Left outer join (select query, trim (split_part (event,':',1)) as event from STL_ALERT_EVENT_LOG where event_time > = dateadd (day,-7, current_Date) group by query, trim (split_part (event,':',1)) as alrt on alrt.query = stl_query.query

Where userid 1

-- and (querytxt like 'SELECT%' or querytxt like' select%')

-and database =''

And starttime > = dateadd (day,-7, current_Date)

)

Group by database, label, qry_md5, aborted

Order by total desc limit 50

[about Bosiyun]

As a professional cloud computing service enterprise, Bosiyun provides operational services on AWS: including architecture consulting services, migration services, cloud security integration services, hybrid cloud management services, big data services and DevOps services. At present, Bosiyun has obtained manufacturer certification in big data, DevOps, architecture, database and operating system, and has branches in Shanghai, Nanjing, Hangzhou, Wuhan and other places. In order to innovate the service model and lead the development of IT service industry, Bosiyun will continue to invest resources to carry out the research and development of intelligent hybrid cloud management platform and map database.

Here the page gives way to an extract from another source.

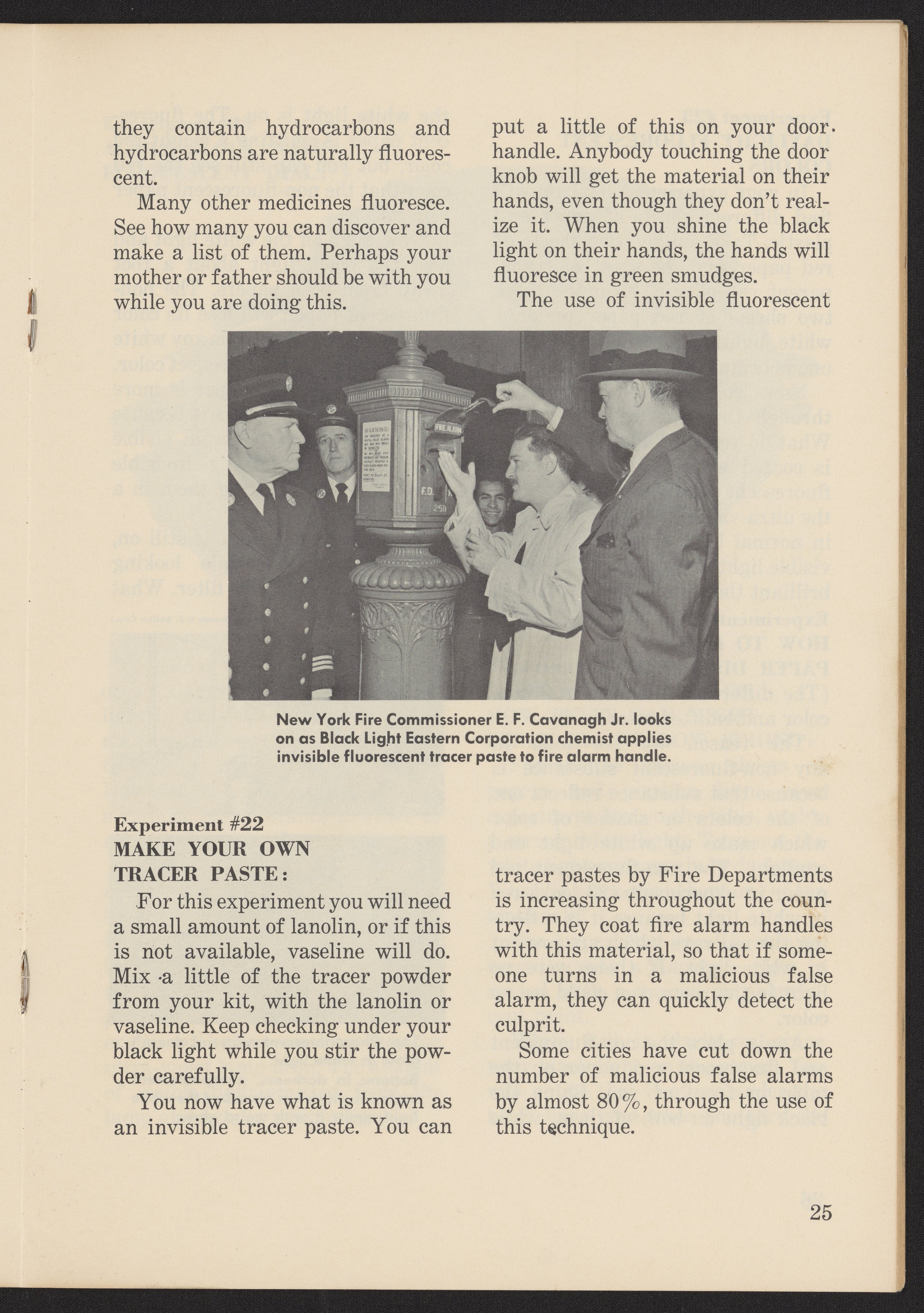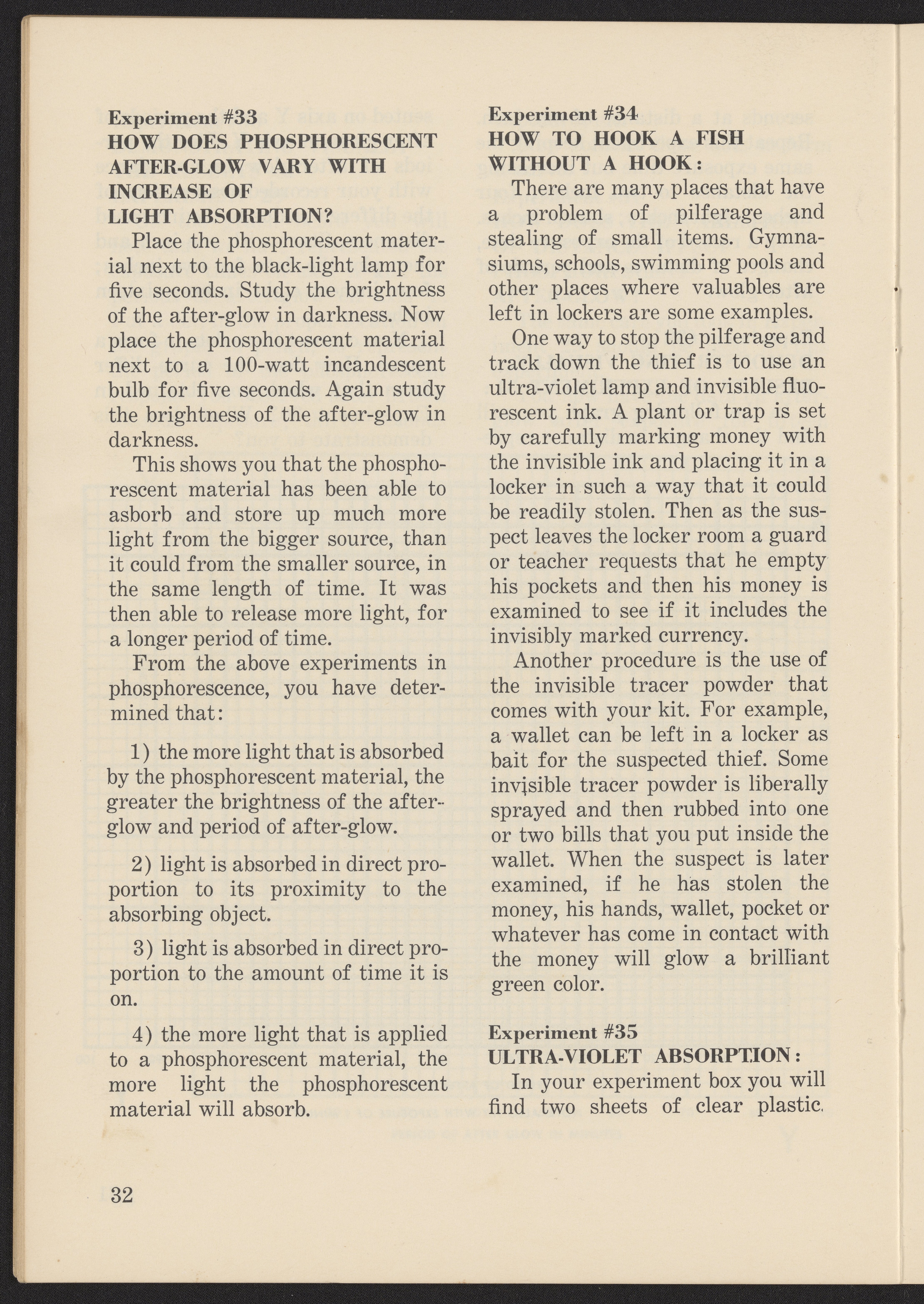 The box features two children using the set on the lid. The box contains: an instruction booklet titled "The Story of Black Light: The Unseen World Around Us; Over 40 Fascinating Experiments in Ultra-Violet Fluorescence", a UV lamp with stand, 3 mineral specimens, 4 vials of powder invisible fluorescent paints, 1 empty vial labeled 'invisible ink', an invisible fluorescent crayon, a vial of tracer powder and various other accoutrements for the instructed experiments.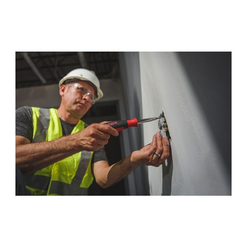 Wiha 11 in One Multi-Drivers are the standard for premium quality professional drivers featuring ergonomic cushion grip handles for comfort and control, dual durometer construction for long-lasting durability, includes parallel flats to prevent table-top roll-off, and offers an interchangeable bit and nut driver receiver system for multi-tool adaptivity. Wiha 11inOne Multi-Drivers include 8 essential screwdriver and 3 nut driver tip profiles for efficient tool carry, consist of Wiha premium quality tool steel engineered for strength and durability that feature exact fit precision machined tips to reduce cam-out of fastener heads. The nut driver component is chrome plated and the double-ended bits phosphate finished for corrosion protection and surface resilience. With the Wiha 11inOne Multi-Driver, you have a trusted companion at the ready for nearly any driver application you face on the jobsite or at home. Wiha premium quality 11inOne Multi-Drivers are designed and engineered by Wiha Germany and are made in Monticello, MN - USA under strict Wiha quality standards. You can buy with confidence knowing that the Wiha 11inOne Multi-Driver is backed by the Wiha No Hassle Guarantee.

Welcome to subscribe "Shulou Technology Information " to get latest news, interesting things and hot topics in the IT industry, and controls the hottest and latest Internet news, technology news and IT industry trends.

*The comments in the above article only represent the author's personal views and do not represent the views and positions of this website. If you have more insights, please feel free to contribute and share.